Barrasford’s Royal Hippodrome Theatre was opened as a variety theatre on 28th September 1906. It was built for and operated by Thomas Barrasford, and was last of his chain of variety theatres to be built. Seating was provided in orchestra stalls, dress circle, balcony levels with additional seating in boxes. The Royal Hippodrome Theatre had a 60 feet deep stage. The theatre was located on a prominent corner site, close to the Theatre Royal and the Stoll Moss Empire’s chain Empire Theatre of Varieties.

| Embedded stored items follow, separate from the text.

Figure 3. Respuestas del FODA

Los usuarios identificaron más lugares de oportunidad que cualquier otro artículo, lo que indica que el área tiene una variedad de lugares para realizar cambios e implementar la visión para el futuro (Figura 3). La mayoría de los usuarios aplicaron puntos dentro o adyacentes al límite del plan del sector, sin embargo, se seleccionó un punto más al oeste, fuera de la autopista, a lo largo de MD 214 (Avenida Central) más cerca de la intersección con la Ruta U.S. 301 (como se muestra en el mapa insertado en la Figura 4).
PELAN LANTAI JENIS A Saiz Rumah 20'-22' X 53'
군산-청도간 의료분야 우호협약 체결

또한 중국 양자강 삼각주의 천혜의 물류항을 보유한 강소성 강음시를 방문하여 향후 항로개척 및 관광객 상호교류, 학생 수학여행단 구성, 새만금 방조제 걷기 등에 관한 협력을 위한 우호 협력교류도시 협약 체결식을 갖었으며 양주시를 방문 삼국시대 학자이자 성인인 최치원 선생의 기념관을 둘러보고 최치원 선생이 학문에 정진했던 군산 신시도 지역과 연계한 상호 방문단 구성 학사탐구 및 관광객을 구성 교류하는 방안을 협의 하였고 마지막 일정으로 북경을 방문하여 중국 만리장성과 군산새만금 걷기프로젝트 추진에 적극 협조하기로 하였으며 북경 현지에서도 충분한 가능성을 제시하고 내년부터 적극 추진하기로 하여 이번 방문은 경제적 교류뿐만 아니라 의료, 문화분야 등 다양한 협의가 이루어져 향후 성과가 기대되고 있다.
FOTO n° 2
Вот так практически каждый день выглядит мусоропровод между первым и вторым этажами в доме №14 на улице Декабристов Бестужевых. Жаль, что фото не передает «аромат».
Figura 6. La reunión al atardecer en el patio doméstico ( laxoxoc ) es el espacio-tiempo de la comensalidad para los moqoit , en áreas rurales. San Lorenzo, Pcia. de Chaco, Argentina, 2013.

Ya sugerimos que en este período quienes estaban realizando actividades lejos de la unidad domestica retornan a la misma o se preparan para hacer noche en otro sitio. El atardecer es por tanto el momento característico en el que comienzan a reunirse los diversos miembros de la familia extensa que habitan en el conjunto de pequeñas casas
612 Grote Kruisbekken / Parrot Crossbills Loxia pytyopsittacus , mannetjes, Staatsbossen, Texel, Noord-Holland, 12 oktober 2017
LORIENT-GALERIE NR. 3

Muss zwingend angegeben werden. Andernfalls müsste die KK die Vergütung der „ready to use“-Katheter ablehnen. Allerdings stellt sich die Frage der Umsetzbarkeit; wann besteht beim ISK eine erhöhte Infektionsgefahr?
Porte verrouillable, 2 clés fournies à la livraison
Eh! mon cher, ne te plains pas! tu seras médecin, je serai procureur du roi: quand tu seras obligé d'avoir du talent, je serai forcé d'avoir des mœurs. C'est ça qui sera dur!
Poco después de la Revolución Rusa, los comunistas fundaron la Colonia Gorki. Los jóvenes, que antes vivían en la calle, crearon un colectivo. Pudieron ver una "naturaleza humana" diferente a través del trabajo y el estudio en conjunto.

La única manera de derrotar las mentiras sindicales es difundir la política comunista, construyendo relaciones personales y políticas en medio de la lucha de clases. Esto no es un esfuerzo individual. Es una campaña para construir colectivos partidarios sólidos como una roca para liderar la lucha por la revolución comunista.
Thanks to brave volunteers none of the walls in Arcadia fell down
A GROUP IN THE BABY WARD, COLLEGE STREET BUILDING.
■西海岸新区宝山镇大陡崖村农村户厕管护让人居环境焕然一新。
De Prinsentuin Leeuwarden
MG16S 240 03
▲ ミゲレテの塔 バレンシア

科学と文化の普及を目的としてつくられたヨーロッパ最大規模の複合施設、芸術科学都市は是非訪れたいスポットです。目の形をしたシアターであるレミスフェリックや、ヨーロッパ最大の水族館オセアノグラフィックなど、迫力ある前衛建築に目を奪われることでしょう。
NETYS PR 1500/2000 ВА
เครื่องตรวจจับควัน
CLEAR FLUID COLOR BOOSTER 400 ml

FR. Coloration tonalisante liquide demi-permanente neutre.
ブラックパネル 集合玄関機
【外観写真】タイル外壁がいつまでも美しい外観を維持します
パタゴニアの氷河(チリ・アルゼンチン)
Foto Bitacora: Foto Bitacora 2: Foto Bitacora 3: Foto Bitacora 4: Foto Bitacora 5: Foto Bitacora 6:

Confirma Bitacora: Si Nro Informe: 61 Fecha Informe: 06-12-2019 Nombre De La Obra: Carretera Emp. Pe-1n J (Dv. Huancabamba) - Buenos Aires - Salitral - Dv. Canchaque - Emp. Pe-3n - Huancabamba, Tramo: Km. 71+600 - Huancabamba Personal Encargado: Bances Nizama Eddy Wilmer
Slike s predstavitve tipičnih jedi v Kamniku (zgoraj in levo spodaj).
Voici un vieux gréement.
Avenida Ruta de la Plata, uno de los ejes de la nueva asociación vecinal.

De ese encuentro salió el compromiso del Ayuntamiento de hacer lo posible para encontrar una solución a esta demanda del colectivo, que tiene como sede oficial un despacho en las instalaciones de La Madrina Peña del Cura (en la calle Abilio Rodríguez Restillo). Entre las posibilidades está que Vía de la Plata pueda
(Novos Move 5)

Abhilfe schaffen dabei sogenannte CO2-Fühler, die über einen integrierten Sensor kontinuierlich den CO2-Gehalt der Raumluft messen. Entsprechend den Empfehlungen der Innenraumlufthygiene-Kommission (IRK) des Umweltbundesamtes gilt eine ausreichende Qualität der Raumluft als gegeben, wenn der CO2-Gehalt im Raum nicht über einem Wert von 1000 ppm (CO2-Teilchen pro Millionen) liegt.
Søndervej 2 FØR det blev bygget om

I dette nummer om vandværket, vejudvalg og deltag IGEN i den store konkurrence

From its opening, films were part of the variety programme, presented on the ‘Barrascope’. After the death of Thomas Barrasford in 1910, the Hippodrome Theatre came under the ownership of T. Allan Edwardes, who had a chain of theatres in the Midlands, notably in Derby, Birmingham and the Potteries.

The Hippodrome Theatre was taken over by the Provincial Cinematograph Theatres (PCT) chain in June 1927, and it closed as a live theatre in October 1927. After refurbishment, it re-opened as a cinema on 7th November 1927 with Gloria Swanson in "The Loves of Sonya" supported by the documentary "Our Prince" about the life of H.R.H the Prince of Wales. On stage a variety bill was headed by Layton & Johnson. A Wurlitzer 2Manual/8Ranks organ had been installed and was opened by organist Leslie James.

In February 1929, PCT were taken over by the Gaumont British Theatres chain. On 8th July 1929, the Hippodrome Theatre screened its first sound picture;"The Singing Fool" starring Al Jolson. Suffering only minor damage during World War II, it was re-named Gaumont on 16th February 1948.

The Wurlitzer organ became unused after CinemaScope was installed in the mid-1950’s, and this also ended use of the stage. The Gaumont was closed by the Rank Organisation on 16th January 1971 with Robert Stevens in "The Private Life of Sherlock Holmes".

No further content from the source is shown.